One thing you’ll notice about the promotional iconography flaunted by Kurt Knispel for his alterego, production outfit Ein Kleiner Schelm, is a fixation on Mexican wrestling masks.
I first became aware of the obsession when I saw him perform live in Tokyo in 2004, going head to head (or in this case mask to flesh) with Little Nobody.
There he was, clad in a gold-lame mask, gesticulating and hamming it up like DJ Rush on steroids, while his more down-to-earth partner looked on, grinning.
“I have about 300 different masks,” Knispel told me, via Skype, just last week – and he was wearing a brightly colored red and black one throughout the course of the interview as well. “I go to Mexico ever year especially to acquire new ones.”
These days, Knispel admits to living in relative seclusion, sharing space with his mask collection and a horde of retro analogue gear and computers, in his tiny hometown, Füchse, in Germany. He returned home in 2004, after a stint of several years in Japan, to run the family business – a Bavarian beer brewery that goes back to his great grandfather’s time.
If people assumed he’d retired from techno and retreated into obscurity, however, this year he’s proved everybody wrong. He recently released the collaborative ‘Live In Tokyo’ EP, with Little Nobody, through Hypnotic Room; he’s also thrown himself into some fantastic remixes, for people like Dale Baldwin – and is performing live again with Helmut Schmidt, better known as O.
“I love beer,” he demured last week, “but I love making music even more. This is a recipe of my own creation, rather than one handed down through the generations from a distant family member.”
As if to prove the point, Knispel has now unveiled his latest EP, the first real record he’s made in almost 4 years, and it’s been worth the wait. “I’ve been concocting ‘Your Move’ for quite some time,” he admitted. “I didn’t want to release the record until it was truly ready to be drunk.”
So, ignore for a moment the penchant for masks that this enigmatic German producer tends to dabble with in his scintillating live sets – in the studio, it’s his music that grabs hold of your attention, and sustains the iron grip up to the final moments of every single track – even at its more serene and laidback. This brand new EP is no different.
‘Your Move’ kicks off proceedings with a lazy, swirling patter of deep, minimalist techno breaks and an equally mesmerizing chime, ever deepening, until they finally unravel and remake themselves into crisp tech-house dubstep and subtly cut-up breaks at the 3:20 mark. With the journey only half-way complete, the track winds on from there in serenely beautiful fashion.
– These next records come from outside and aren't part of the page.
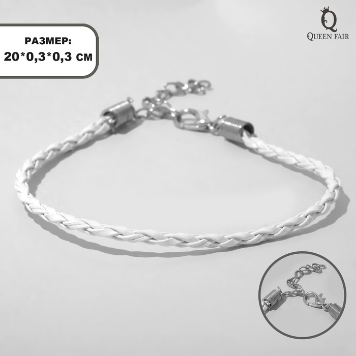 Шнур вощёный кожаный, L=20см с удлинителем, цвет белый
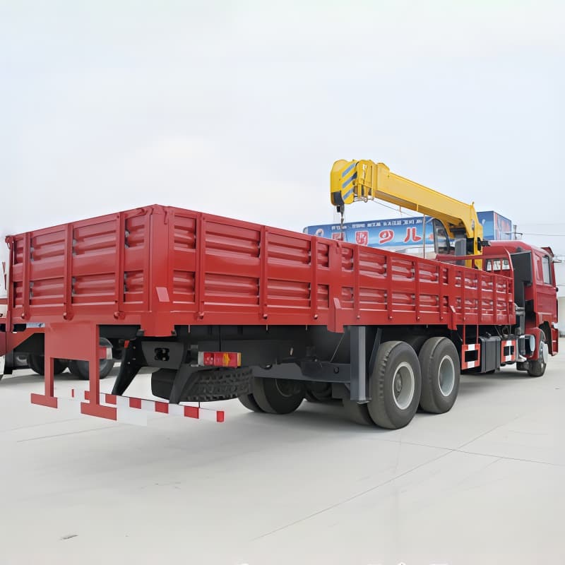 Typical wheelbases seen online are in the (≈5625+1350 mm — 5775+1400 mm) range; curb weight commonly ranges from ~13,000–16,500 kg with a total mass/GVW ~25,000 kg and payload/carrying capacity often reported near 7,800–8,200 kg depending on equipment and crane choice. These chassis parameters support a large flatbed (common cargo box ~8200×2326×800 mm) and multiple tyre/wheel configurations (10–12 wheels).
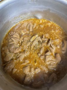 いつもはモツと大根、ごぼう、こんにゃくでシンプルな具にして作る
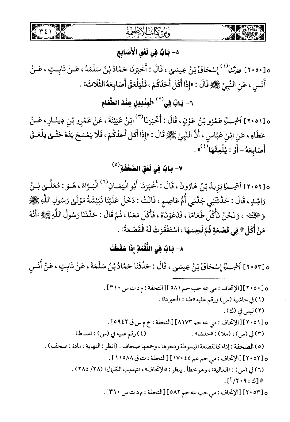 2050 - حَدَّثَنَا إِسْحَاقُ بْنُ عِيسَى, قَالَ: أَخبَرَنا حَمَّادُ بْنُ سَلَمَةَ, عَنْ ثَابِتٍ, عَنْ أَنَسٍ, عَنِ النَّبِيِّ صَلى الله عَليهِ وسَلم, قَالَ: إِذَا أَكَلَ أَحَدُكُمْ, فليَلْعَقَ أَصَابِعَهُ الثَّلاَثَ.

Dedicated to Ein Kleiner Schelm’s late lamented pet poodle, herself named after a character in his favorite novel, ‘Nikita Nezvanova’ is playful, funky, eclectic tech-house that weaves in and out of moments before finding a scorching club groove at 2:20, with no sense of a rush whatever.
‘Caesar’ goes all dark, melodramatic and orchestral, shades of Isao Tomita – sustained by restrained breakbeats, and an undercurrent of jazz/electro inflections. Thinking person’s techno under any other name, it’s assured and hypnotic stuff.
The final track, appropriately a Little Nobody remix of ‘Oddly Automobile’, is also the most up-for-it – a funky, simple, jazzily banging number that could be called a post-modern take on Detroit techno shaken and stirred with disco, but in reality otherwise defies classification and teases the listener as it slowly settles into a wonderful locked groove.
The ‘Your Move’ EP is techno house music that’s been constructed outside the confines of the contemporary dance music ring, then unmasked for all to see, hear – and feel.
Knispel’s own mask, however, remained through the course of our chat. Some things never change.